Leitsatz (amtlich)

Wird der Abschluß eines formbedürftigen Vertrages als sicher dargestellt, kann den Abbruch der Verhandlungen durch einen Partner grundsätzlich nur dann einen Schadensersatzanspruch des anderen begründen, wenn das Verhalten des Abbrechenden einen schweren Verstoß gegen die Verpflichtung zu redlichem Verhalten bei den Vertragsverhandlungen bedeutet. Dies erfordert in der Regel die Feststellung vorsätzlichen pflichtwidrigen Verhaltens.

 

Normenkette

BGB §§ 276, 313

 

Verfahrensgang

LG Köln (Urteil vom 14.01.1994; Aktenzeichen 18 O 238/92)

OLG Köln (Aktenzeichen 11 U 49/94)

 

Tenor

Auf die Revision des Beklagten wird das Urteil des 11. Zivilsenats des Oberlandesgerichts Köln vom 17. August 1994 im Kostenpunkt und insoweit aufgehoben, als über das Rechtsmittel nicht bereits durch Beschluß des Senats vom 16. November 1995 entschieden worden ist.

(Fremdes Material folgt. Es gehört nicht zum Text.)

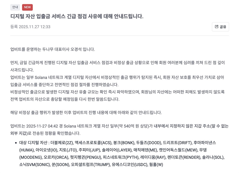 북한 라자루스, 업비트 445억 원 탈취 정황…당국 현장조사 착수
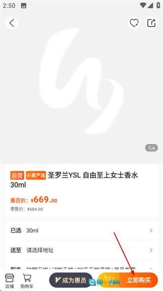 4、在商品详情页,点击“立即购买”按钮,就能走完该商品的购买流程。
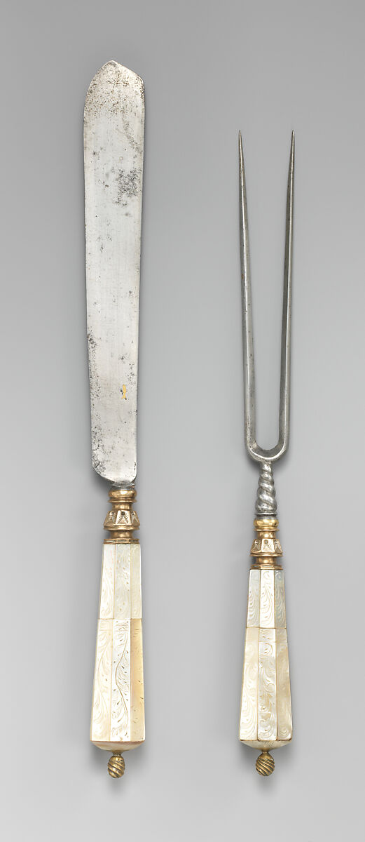 With their octagonally-shaped wooden handles covered by mother-of-pearl scales engraved with scrolling foliage, these implements are referred to as “Habaner” work, a term used for art made by descendants of refugees who had settled in Hungary during the sixteenth century fleeing from religious persecution in the Austrian province of Tyrol.

In diesem Umfang wird die Sache zur anderweiten Verhandlung und Entscheidung, auch über die gesamten Kosten des Revisionsverfahrens, an das Berufungsgericht zurückverwiesen.

Von Rechts wegen

 

Tatbestand

Der Kläger hatte im Erdgeschoß und Keller des Hauses B. Straße in L.-O. Räume zum Betrieb einer Druckerei gemietet. Im Sommer 1989 erwarb der Beklagte das Grundstück. Zur besseren wirtschaftlichen Nutzung plante er, das Gebäude umzubauen, um einen Anbau zu erweitern und in Teileigentum aufzuteilen. In diesem Zusammenhang kam es im Frühjahr 1991 zu Verhandlungen zwischen den Parteien über den Verkauf der vom Kläger genutzten und weiterer Räume zum Preis von 750.000 DM. Diese gaben dem Kläger Anlaß, von Ende April 1991 bis Februar 1992 Umbaumaßnahmen auszuführen.

Im Oktober und Dezember 1991 kam es zu Gesprächen zwischen den Parteien wegen eines Termins zur Beurkundung des Verkaufs. Der Verkauf scheiterte schließlich daran, daß der Beklagte hierzu nur noch zum Preis von 1.000.000 DM bereit war.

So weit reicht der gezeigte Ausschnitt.